Мужчина взял ее руку, а затем девушка крепко обняла его. В тишине ночи они стояли в объятиях друг друга, слушая, как бьются их сердца. По щеке Юджина пробежала слеза. Чувства, которые он так долго сдерживал, наконец вырвались наружу. Эщин была его единственным утешением в этом мире.
Ночное небо было затянуто облаками, на землю упали первые капли, и вскоре улицы мгновенно стали мокрыми от дождя.
В таверне сидели трое мужчин, которых ничто не связывало и которые были абсолютно чужими друг для друга. Они сидели рядом и осушали стакан за стаканом.
– Я никогда не знал, чем хочу в итоге заниматься, поэтому четыре года изучал медицину, год – право и даже посвятил год литературе, а потом перестал вообще чем-либо интересоваться. Так в чем же мое призвание? Я долго думал над этим и наконец осознал, что я просто разносторонний человек и очень хороший слушатель! – с восторгом воскликнул Хисон.
Однако Юджин и Донмэ его радости не разделяли.
– Но весь вечер говорите только вы, – возразил Юджин.
– И вы не один, кто обучался в Японии, – добавил Донмэ, но Хисона это нисколько не смутило.
– А еще я очень хороший оратор.
Донмэ с Юджином сидели и слушали Хисона, разглагольствовавшего о том, что он наконец понял, в чем его призвание и чем бы он хотел заниматься. Однако терпение было уже на исходе, им обоим хотелось поговорить о чем-нибудь другом. Меж тем молодой человек продолжал:
– А, совсем забыл вам сообщить, что я собираюсь издавать газету.
Донмэ усмехнулся словам Хисона:
– Лучшее, что вы можете печатать, – некрологи.
– Вы обанкротитесь. Вам даже заголовки не даются, – добавил Юджин.

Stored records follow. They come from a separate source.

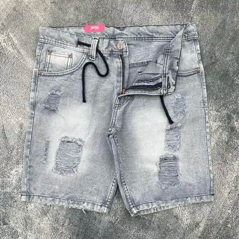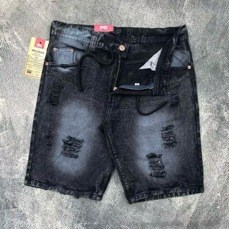 Celana Jeans Pendek Sobek Hitam Bermuda Pria Distro Premium
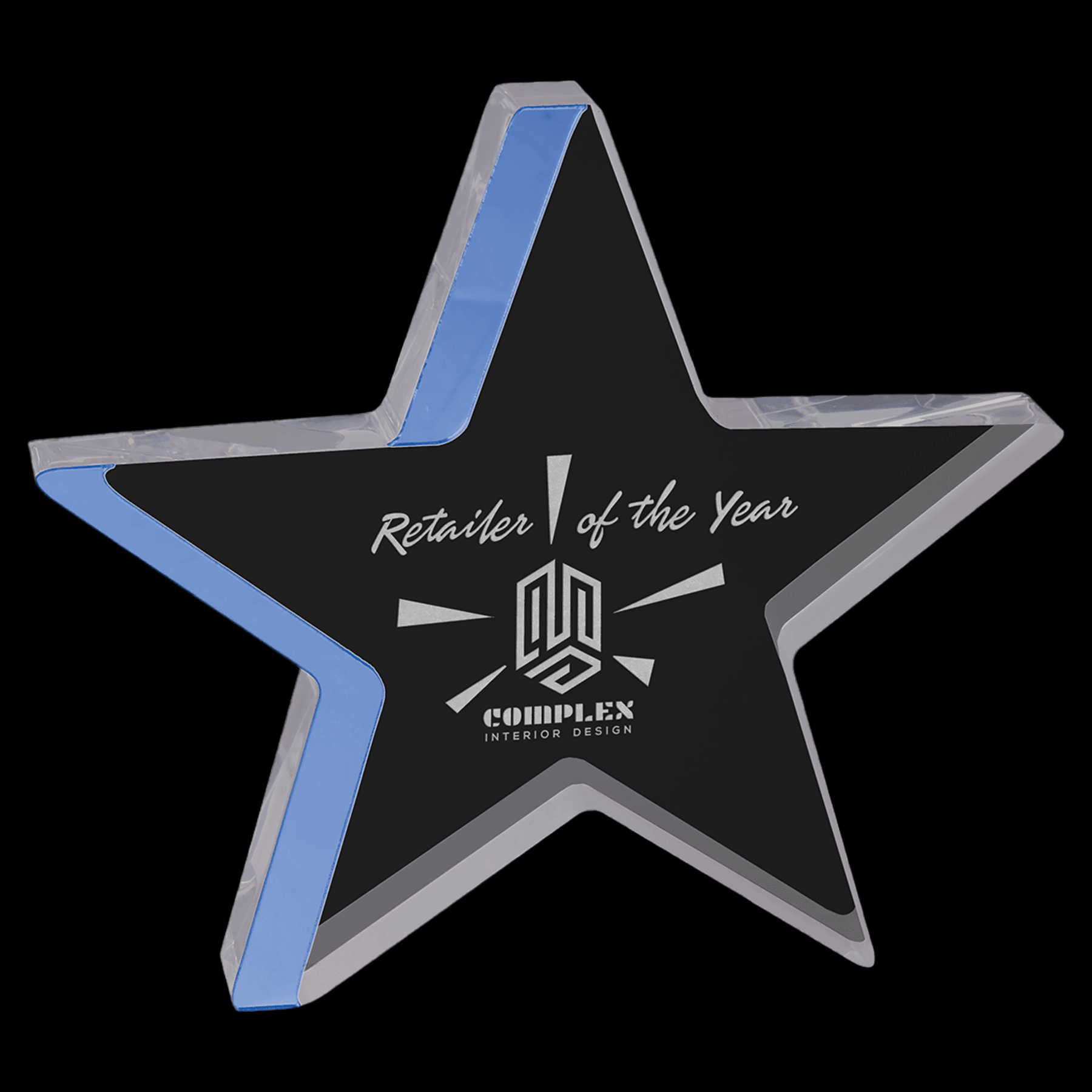 Color Edge Star Acrylic awards feature a striking blue edge and a sturdy 1-inch thickness, designed to stand independently without additional support. Their solid construction ensures durability and a professional appearance, making them ideal for recognizing achievements with a modern, elegant touch.
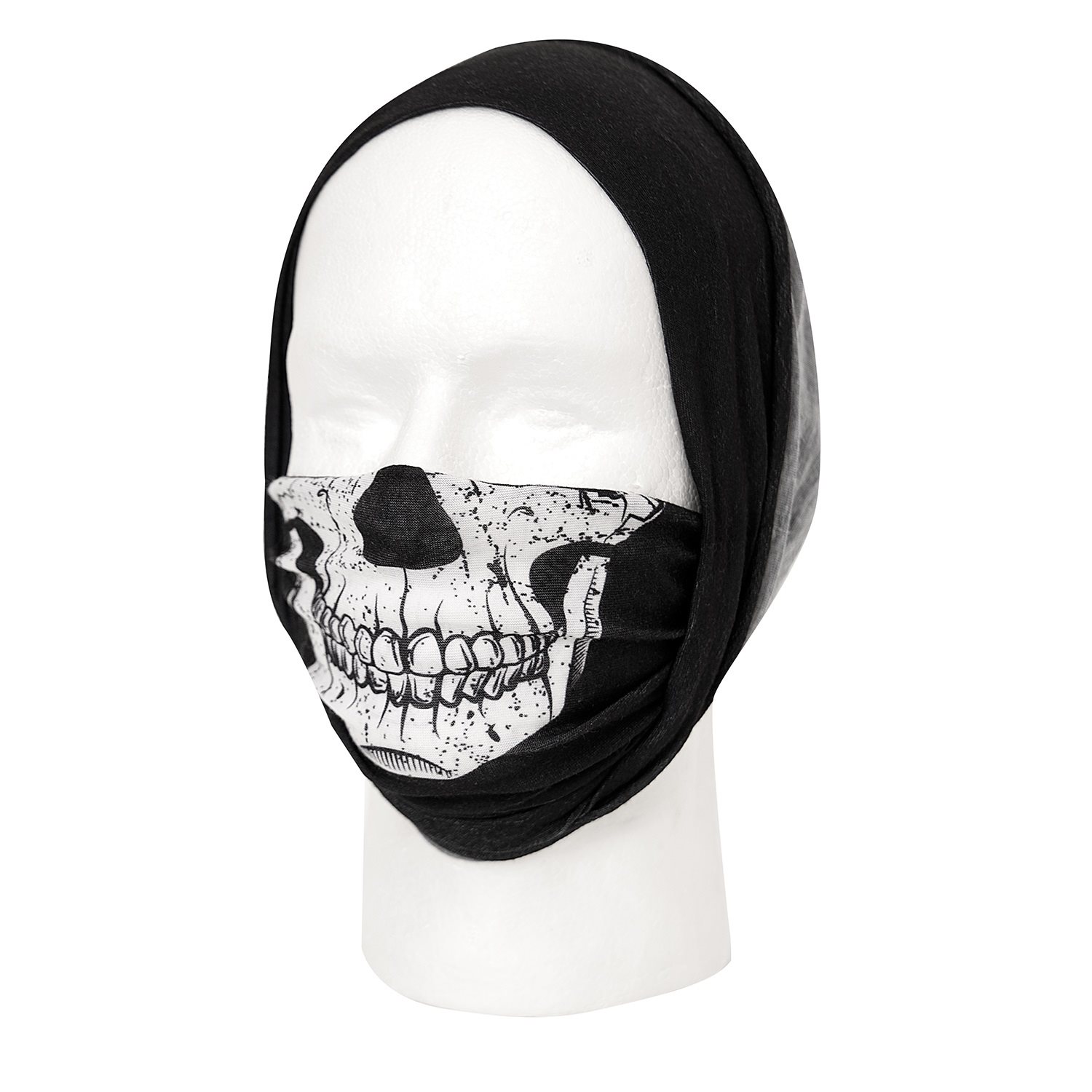 Scialle multifunzionale nero con teschio bianco, ovvero la parte inferiore del cranio. Senza cuciture, a forma di tubo.
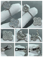 CLOVER 2 MOTIFS DIAMOND PAVED SILVER EARRINGS
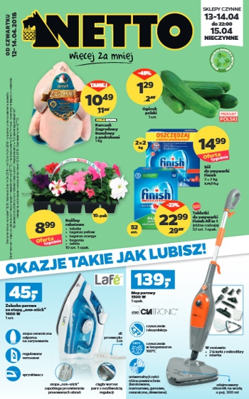 {loadposition linkNetto} Nowa gazetka promocyjna sieci sklepów Netto - "Gotowi do pomocy". Polecane promocje z gazetki Netto: Odkurzacz cykloniczny 700 W - 149 zł. Mop parowy Clatronic 1500 W - 139 zł. Pomarańcze 1 kg - 2,99 zł.…
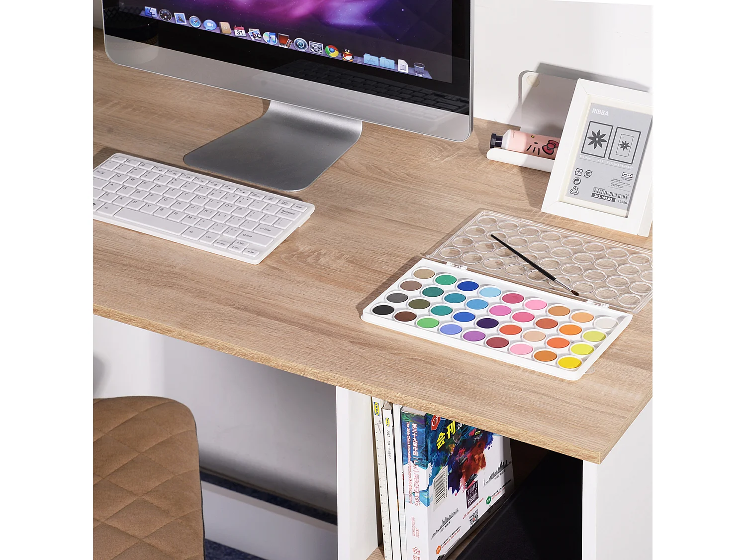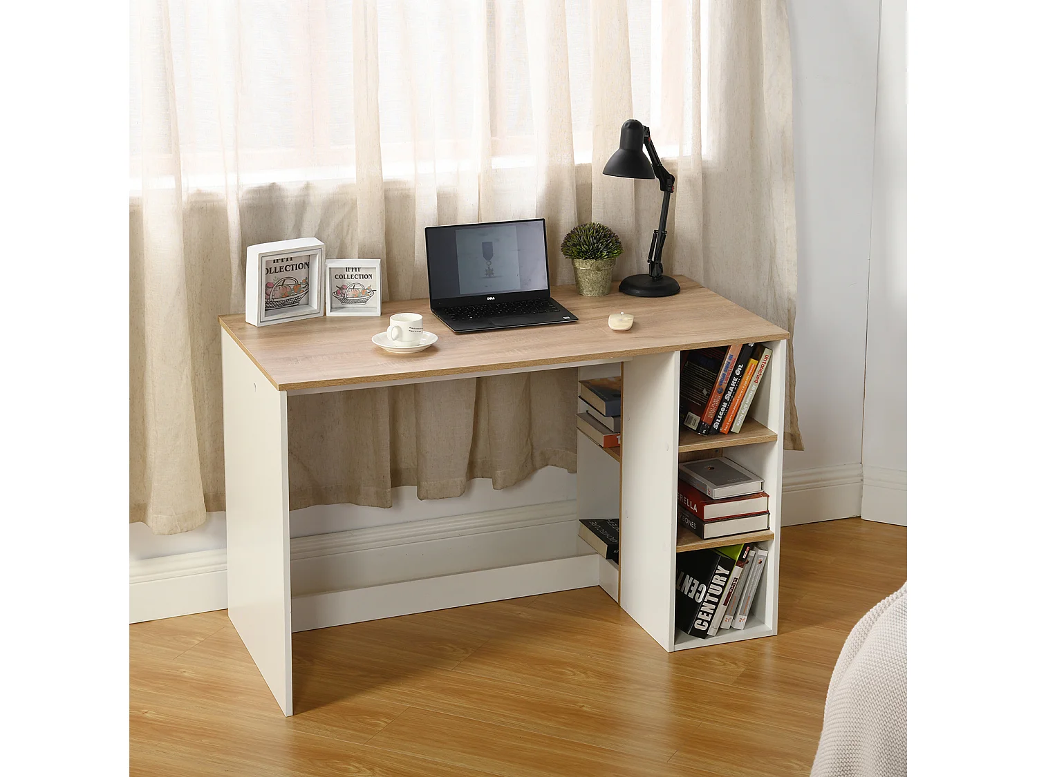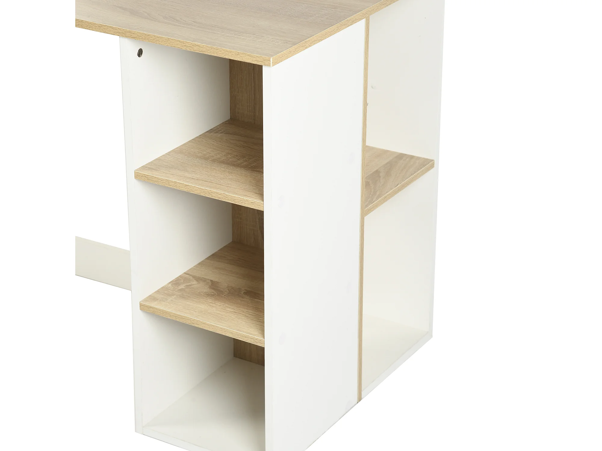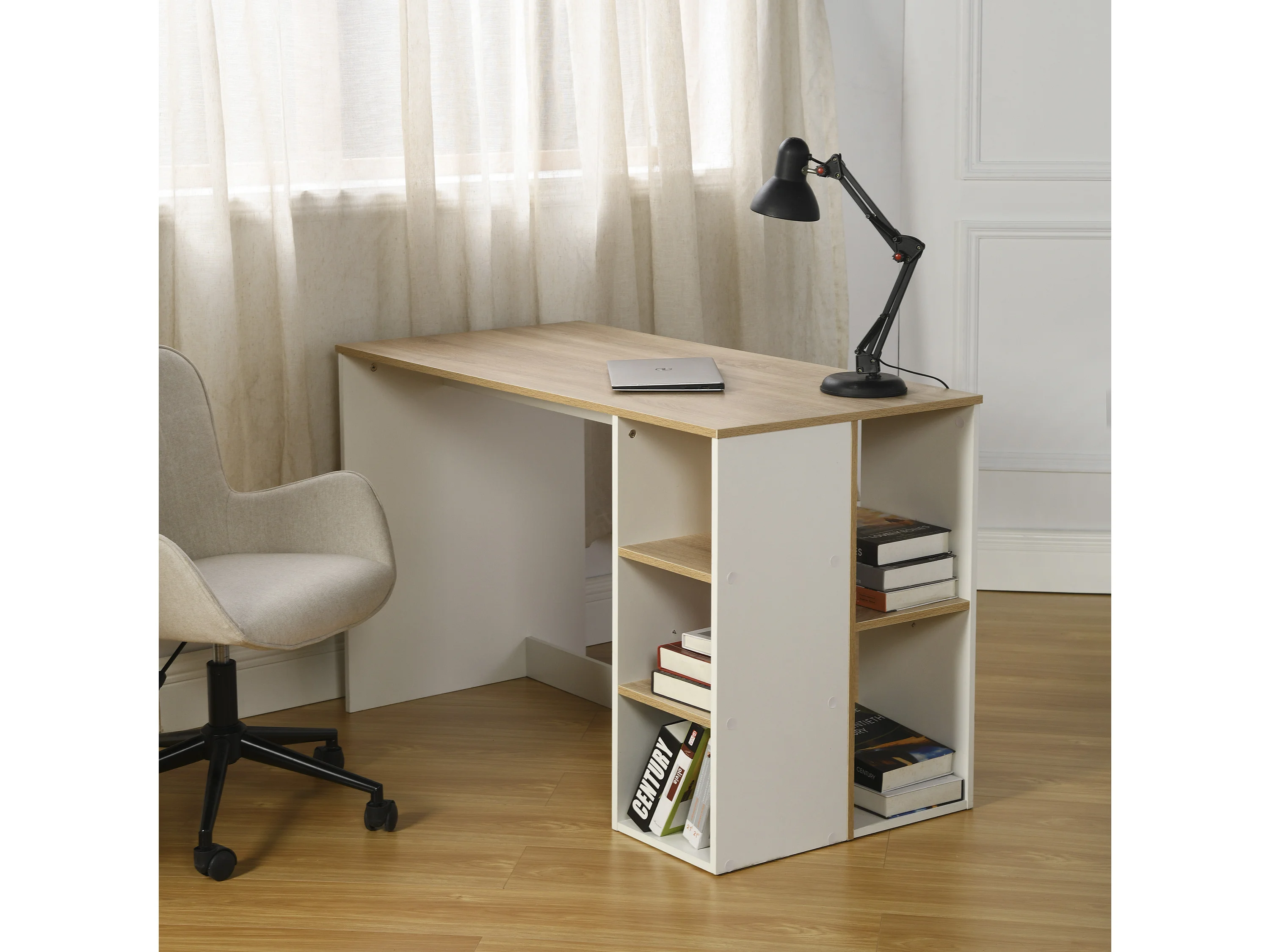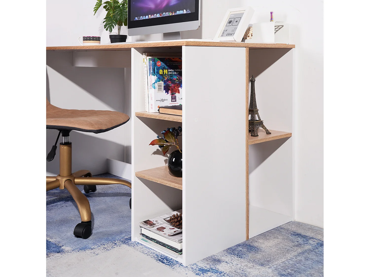Escritorio de estudio para adolescentes, Escritorio de oficina con 3 estantes, Blanco y Roble, 120 x 60 x 75cm

Донмэ никогда не видел, какие заголовки пишет Хисон, но решил поддержать американца и кивнул.
– Не лучше ли вместо кричащих заголовков сосредоточиться на правде и фактах? Большинство газет издаются и на корейском, и на китайском, но я планирую писать только на корейском, – спокойно ответил Хисон.
Юджину стало не по себе, когда Хисон сказал слово «корейский», поэтому он решил сменить тему, а поэтому поинтересовался у Донмэ, не охотится ли он на кого-нибудь в последнее время. Донмэ понял намек и с загадочным видом ответил, что ищет мужчину, который постоянно кашляет. Только он это произнес, как Хисон нарочно закашлял, думая, что речь по-прежнему идет об Эщин, как и тогда, когда он захромал, чтобы отвести от нее подозрения. Юджин и Донмэ расхохотались.
Посидев еще какое-то время, они покинули заведение и побрели по залитой лунным светом улице. Они просто шли вместе, не друзья и не враги. Морально поддерживать друг друга или преследовать им не было нужды, поэтому каждый просто шел своей дорогой. Молчание затянулось, и Хисон начал восхищаться яркой луной в ночном небе. Донмэ с Юджином тоже подняли головы, но ничего не сказали. Луна была действительно ярче, чем в последние дни.
Вдруг подул ветер, и в воздухе начали кружить и падать на землю цветочные лепестки. Хисон протянул руку, и пара лепестков упала на его ладонь.
– Весна наступила, – пробормотал еще не до конца протрезвевший Хисон.
Весенняя ночь. Снежная пора миновала, и недавний дождь возвестил о смене времени года.
– Сегодня вокруг меня все, что мне нравится. Не могу сдержать восторга, когда смотрю на такие, по сути, бесполезные вещи. Весна, цветы и луна.
Весеннее настроение этой лунной ночи теперь передалось и Юджину с Донмэ, которые остановились и завороженно смотрели на цветущее дерево.
Все трое были настолько разными, но шли одним путем.